John has played and taught at most major festivals and music camps in the United States. As a teacher he specializes in getting people to play tunes they don’t know. He has developed many innovative teaching techniques, and is often credited for having both invented and created the name for “the slow jam.”

Banjo I and II
Kirk Sutphin

Kirk will be teaching both banjo and fiddle and leading slow jams with John Herrmann. Kirk Sutphin has dedicated 40 years with his love for Old Time fiddle & banjo playing learning directly from legendary fiddlers Tommy Jarrell, Lonnie Austin and H.O. Jenkins. He also studied with many other local master fiddlers and banjo pickers. His workshops cover things from all of these masters. Fiddle workshops focus on Tommy Jarrell's down-bow style of fiddling. Tunes will be taught by ear so Kirk encourages participants to bring a recording device.
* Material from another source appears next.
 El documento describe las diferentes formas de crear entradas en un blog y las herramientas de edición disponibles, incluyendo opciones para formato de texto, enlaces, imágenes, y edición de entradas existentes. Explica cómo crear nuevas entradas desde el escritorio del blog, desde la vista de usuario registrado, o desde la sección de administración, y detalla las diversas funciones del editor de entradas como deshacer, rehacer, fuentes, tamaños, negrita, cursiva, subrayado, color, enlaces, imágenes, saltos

Old-Time Bass, Body Mechanics, and Old-Time Rhythm (bass and guitar)
Meredith McIntosh

Whether you are a beginner or play other instruments or already play bass, these classes are for you. The Old-Time Bass classes will cover the basics of old-time bass technique including tuning, noting, listening, finding chord changes on tunes, songs and waltzes, and most importantly playing in the old-time groove. In the Old-Time Rhythm class, you will play tunes together and see what is in them and learn how to negotiate chord choices, playing in the groove, and more. In the Body Mechanics class, you will learn how to play to prevent and possibly heal injuries. (This is based on principles of the Alexander Technique.)

Fiddle I
Erynn Marshall

Good choice! Now that you’ve decided to play the fiddle a whole world of joy, community and music is going to open up for you! This is a class for beginner fiddlers who already know a few tunes and would like to learn how to spice up tunes, play with greater ease, jump into jams and get that “old-time sound.” We'll delve into secrets of bowing, ergonomics and a little history on the tunes and fiddlers our music comes from. Be sure to bring a recorder or phone to record/video in class and get ready to relax, have fun, and learn some great old-time music.

Fiddle II
Erynn Marshall

If you've ever been interested to know more about alternate tunings on the fiddle and love the sound of drones - this is the class for you! Erynn will show you how easy it is to get into these different tunings and how beautiful they are. We'll learn some great tunes, more advanced bowing, ornaments and the history behind the tunes. This class will help you get a more authentic old-time sound. Recording devices recommended. Rosin up your bow and get ready for the drone zone!

Fiddle I
John Herrmann

John has played and taught at most major festivals and music camps in the United States. Fiddle classes will include bowing patterns. He has developed many innovative teaching techniques. John is often credited for having both invented and created the name for "the slow jam."

Fiddle I
Kirk Sutphin

Classes will cover Round Peak tunes and Tommy Jarrell’s bowing style. Participants are encouraged to bring a recording device as they will be learning it just as the old-timers did – by listening and watching.

Guitar I and II
Joe Newberry

Guitar I will take the basic strum, also known as “Boom Chuck” and give a good platform for students to help drive a string band. First bass runs will be introduced, as well. Guitar II will focus on helping students with bass runs, three-quarter time, and song backup. Capo tips, and work with thumb picking and the flat pick will also be featured.

Guitar I and II and Mandolin
Carl Jones

Carl is known for his find musicianship, sense of humor, songwriting, and charismatic teaching. Students in all classes are invited to bring recording devices.

Round Peak Style: Playing Well with Others, All levels, All instruments
Terri McMurray and Paul Brown

What is your role in the band? This proven, highly participatory class gives you skills to raise your understanding of melody, rhythm and phrasing. In a safe and encouraging setting, participants will get to play with the instructors and other students in duos and small ensembles. Players and listeners will offer observations on what is going well and how to get to the next level. The class will focus on the distinctive Surry County fiddle, banjo, guitar and band styles, including Round Peak fiddle-banjo interaction and the small ensemble tradition of the region.

Singing
Joe Newberry

The repertoire and technique singing class will focus on songs from the Appalachians, including ballads, play-party songs, topical songs, and new songs that sound old.

Slow Jam
John Herrmann & Kirk Sutphin

This jam will showcase Tommy Jarrell’s down bowing style.

Songwriting
Joe Newberry

Make your good songs even better! Joe will guide you in uncovering the heart of different types of songs. Through writing, writing, and more writing, the song in your head can become the song on your lips!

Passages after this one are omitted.